Sąd Najwyższy oddalił kasację radcy prawnego zatrudnionego w ministerstwie, który dwukrotnie odmówił złożenia oświadczenia majątkowego i został zwolniony. Uznał, że uporczywe nieskładanie oświadczenia to ciężkie naruszenie obowiązków pracowniczych.

Radca zajmował stanowisko równorzędne pod względem płacowym ze stanowiskami kierowniczymi. I według pracodawcy powinien wyspowiadać się z majątku. Za pierwsze niewywiązanie się z tego obowiązku dostał upomnienie. Za drugim razem został zwolniony dyscyplinarnie.

Urzędnik wystąpił z roszczeniem o przywrócenie do pracy na dotychczasowe stanowisko. Domagał się tej samej płacy i pracy. Powołał się na ustawę antykorupcyjną, która za niezłożenie oświadczenia przewiduje jedynie odpowiedzialność służbową, czyli dyscyplinarną. Uważał też, że jako główny specjalista nie musiał ujawniać swojego majątku. Sprawa trafiła do Sądu Najwyższego, a ten oddalił skargę kasacyjną radcy.

Obowiązek składania oświadczeń majątkowych wynikał z zajmowania i sprawowania równorzędnego płacowo stanowiska głównego specjalisty. Wymaga ono całkowitej i zupełnej bezstronności, przejrzystości, uczciwości oraz transparentności. Wysocy członkowie służby cywilnej wykonują bowiem często zadania lub mogą podejmować decyzje odnoszące się do sfery działalności biznesowej. Już jednorazowe niezłożenie wymaganego oświadczenia powoduje odpowiedzialność służbową, w tym dyscyplinarną, za naruszenie obowiązków członka korpusu służby cywilnej. Uporczywe nieskładanie oświadczenia stanowi zaś ciężkie naruszenie obowiązków pracowniczych. Można więc z takim pracownikiem rozwiązać umowę o pracę bez wypowiedzenia.

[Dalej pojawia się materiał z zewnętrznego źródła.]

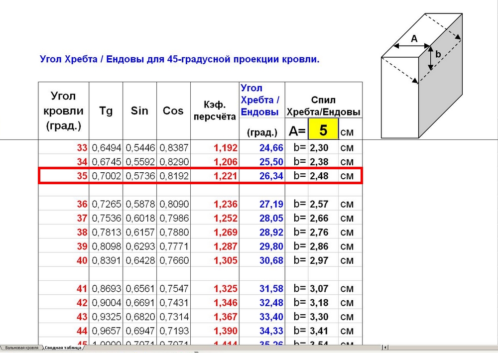 Но всёравно - Спасибо за оценку скромных потугов.... Кстати - если в жёлтую клетку подставить единицу, то получим таблицу для Tg угла хребта/ендовы.... А это означает , что угол спила хребтовой стропилины и угол наклона самого хребта - это один и тотже угол. Такая вот ситуёвина.. |

Wynika to z art. 71 ust. 7 pkt 1 ustawy o służbie cywilnej. W jego myśl możliwość i legalność rozwiązania stosunku pracy bez wypowiedzenia występuje w przypadku kwalifikowanego naruszenia podstawowych obowiązków członka korpusu służby cywilnej, jeżeli wina urzędnika jest oczywista. A tak było w rozpatrywanej przez Sąd Najwyższy sprawie.